Problem to work on:
Without changing a word, repeat the data, and include no pictures.

Data excerpt:
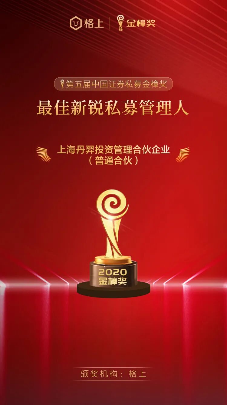 丹羿投资凭借优秀的市场表现、扎实的投资能力,荣获第五届中国证券私募金樟奖“2020年最佳新锐私募管理人”。
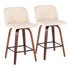 Toriano - Mid-Century Modern Fixed Height Counter Stool With Square Footrest (Set of 2) - Walnut / Cream
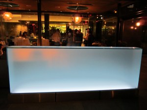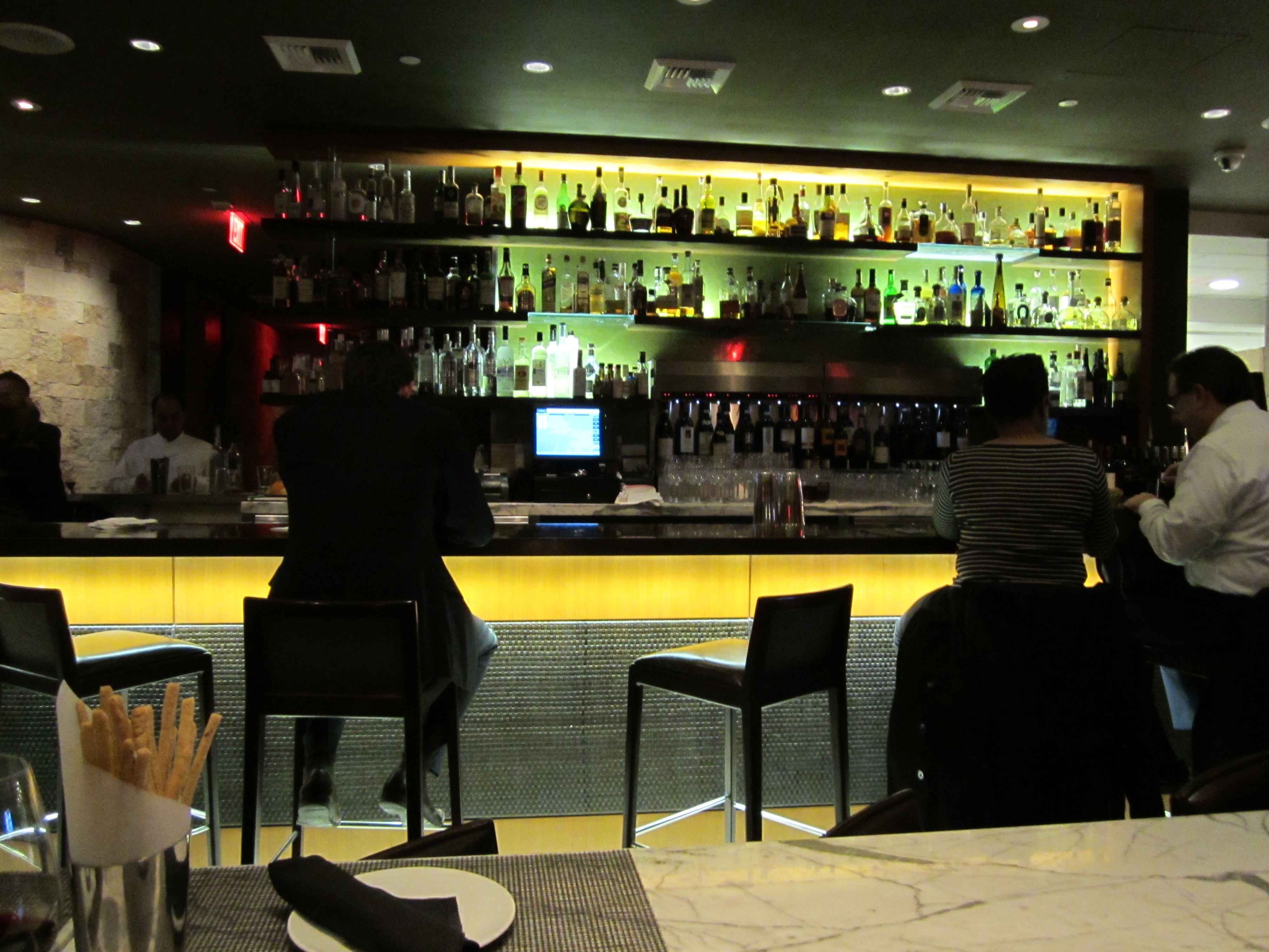 Le Paradou Grenache 2009 – I opted to go with the House Red. Their house wines change periodically. Lately, it has been this delicious grenache from France. The name of the winery, Paradou, refers to old watermills scattered about the hills of Provence. A medium bodied wine, this red was seductive and delicious. I had two glasses. For more information about Paradou, please visit their website here: http://www.paradouwines.com/en/ In the photo above, one can also see the charming square stools used as seating. These were upholstered in a lush fabric almost like velveteen. I found them to be very comfortable, and am even contemplating building a couple for my apartment.
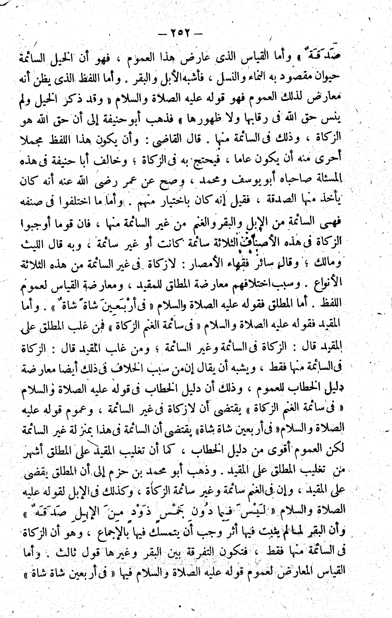 صدقة" وأما القياس الذي عارض هذا العموم فهو أن الخيل السائمة حيوان مقصود به النماء والنسل. فأشبه الإبل والبقر. وأما اللفظ الذي يظن أنه معارض لذلك العموم فهو قوله عليه الصلاة والسلام: "وقد ذكر الخيل ولم ينس حق الله في رقابها ولا ظهورها" فذهب أبو حنيفة إلى أن حق الله هو الزكاة وذلك في السائمة منها. قال القاضي: وأن يكون هذا اللفظ مجملا أحرى منه أن يكون عاما فيحتج به في الزكاة عدا أبا حنيفة في هذه المسألة صاحباه أبو يوسف ومحمد وصح عن عمر رضي الله عنه أنه كان يأخذ منها الصدقة فقيل إنه كان اختيار منهم. وأما ما اختلفوا في صنفه فهي السائمة من الإبل والبقر والغنم من غير السائمة منها فإن قوما أوجبوا الزكاة في هذه الأصناف الثلاثة سائمة كانت أو غير سائمة وبه قال الليث ومالك وقال سائر فقهاء الأمصار: لا زكاة في غير السائمة من هذه الأنواع الثلاثة. وسبب اختلافهم معارضة المطلق للمقيد ومعارضة القياس لعموم اللفظ. أما المطلق فقوله عليه الصلاة والسلام: "في أربعين شاة شاة" . وأما المقيد فقوله عليه الصلاة والسلام: "في سائمة الغنم الزكاة" فمن غلب المطلق على المقيد قال: الزكاة في السائمة وغير السائمة ومن غلب المقيد قال: الزكاة في السائمة منها فقط ويشبه أن يقال إن من سبب الخلاف في ذلك أيضا معارضة دليل الخطاب للعموم. وذلك أن دليل الخطاب في قوله عليه الصلاة والسلام: "في سائمة الغنم الزكاة" يقتضي أن لا زكاة في غير السائمة وعموم قوله عليه الصلاة والسلام: "في كل أربعين شاة شاة" يقتضي أن السائمة في هذا بمنزلة غير السائمة لكن العموم أقوى من دليل الخطاب كما أن تغليب المقيد على المطلق أشهر من تغليب المطلق على المقيد. وذهب أبو محمد بن حزم إلى أن المطلق يقضي على المقيد وأن في الغنم سائمة وغير سائمة الزكاة وكذلك في الإبل لقوله عليه الصلاة والسلام: "ليس فيما دون خمس ذود من الإبل صدقة" وأن البقر لما لم يثبت فيها أثر وجب أن يتمسك فيها بالإجماع وهو أن الزكاة في السائمة منها فقط فتكون التفرقة بين البقر وغيرها قولا ثالثا. وأما القياس المعارض لعموم قوله عليه الصلاة والسلام فيها: "في أربعين شاة شاة"

Task result:
 丹羿投资凭借优秀的市场表现、扎实的投资能力,荣获第五届中国证券私募金樟奖“2020年最佳新锐私募管理人”。
 Toriano - Mid-Century Modern Fixed Height Counter Stool With Square Footrest (Set of 2) - Walnut / Cream
 Le Paradou Grenache 2009 – I opted to go with the House Red. Their house wines change periodically. Lately, it has been this delicious grenache from France. The name of the winery, Paradou, refers to old watermills scattered about the hills of Provence. A medium bodied wine, this red was seductive and delicious. I had two glasses. For more information about Paradou, please visit their website here: http://www.paradouwines.com/en/ In the photo above, one can also see the charming square stools used as seating. These were upholstered in a lush fabric almost like velveteen. I found them to be very comfortable, and am even contemplating building a couple for my apartment.
 صدقة" وأما القياس الذي عارض هذا العموم فهو أن الخيل السائمة حيوان مقصود به النماء والنسل. فأشبه الإبل والبقر. وأما اللفظ الذي يظن أنه معارض لذلك العموم فهو قوله عليه الصلاة والسلام: "وقد ذكر الخيل ولم ينس حق الله في رقابها ولا ظهورها" فذهب أبو حنيفة إلى أن حق الله هو الزكاة وذلك في السائمة منها. قال القاضي: وأن يكون هذا اللفظ مجملا أحرى منه أن يكون عاما فيحتج به في الزكاة عدا أبا حنيفة في هذه المسألة صاحباه أبو يوسف ومحمد وصح عن عمر رضي الله عنه أنه كان يأخذ منها الصدقة فقيل إنه كان اختيار منهم. وأما ما اختلفوا في صنفه فهي السائمة من الإبل والبقر والغنم من غير السائمة منها فإن قوما أوجبوا الزكاة في هذه الأصناف الثلاثة سائمة كانت أو غير سائمة وبه قال الليث ومالك وقال سائر فقهاء الأمصار: لا زكاة في غير السائمة من هذه الأنواع الثلاثة. وسبب اختلافهم معارضة المطلق للمقيد ومعارضة القياس لعموم اللفظ. أما المطلق فقوله عليه الصلاة والسلام: "في أربعين شاة شاة" . وأما المقيد فقوله عليه الصلاة والسلام: "في سائمة الغنم الزكاة" فمن غلب المطلق على المقيد قال: الزكاة في السائمة وغير السائمة ومن غلب المقيد قال: الزكاة في السائمة منها فقط ويشبه أن يقال إن من سبب الخلاف في ذلك أيضا معارضة دليل الخطاب للعموم. وذلك أن دليل الخطاب في قوله عليه الصلاة والسلام: "في سائمة الغنم الزكاة" يقتضي أن لا زكاة في غير السائمة وعموم قوله عليه الصلاة والسلام: "في كل أربعين شاة شاة" يقتضي أن السائمة في هذا بمنزلة غير السائمة لكن العموم أقوى من دليل الخطاب كما أن تغليب المقيد على المطلق أشهر من تغليب المطلق على المقيد. وذهب أبو محمد بن حزم إلى أن المطلق يقضي على المقيد وأن في الغنم سائمة وغير سائمة الزكاة وكذلك في الإبل لقوله عليه الصلاة والسلام: "ليس فيما دون خمس ذود من الإبل صدقة" وأن البقر لما لم يثبت فيها أثر وجب أن يتمسك فيها بالإجماع وهو أن الزكاة في السائمة منها فقط فتكون التفرقة بين البقر وغيرها قولا ثالثا. وأما القياس المعارض لعموم قوله عليه الصلاة والسلام فيها: "في أربعين شاة شاة"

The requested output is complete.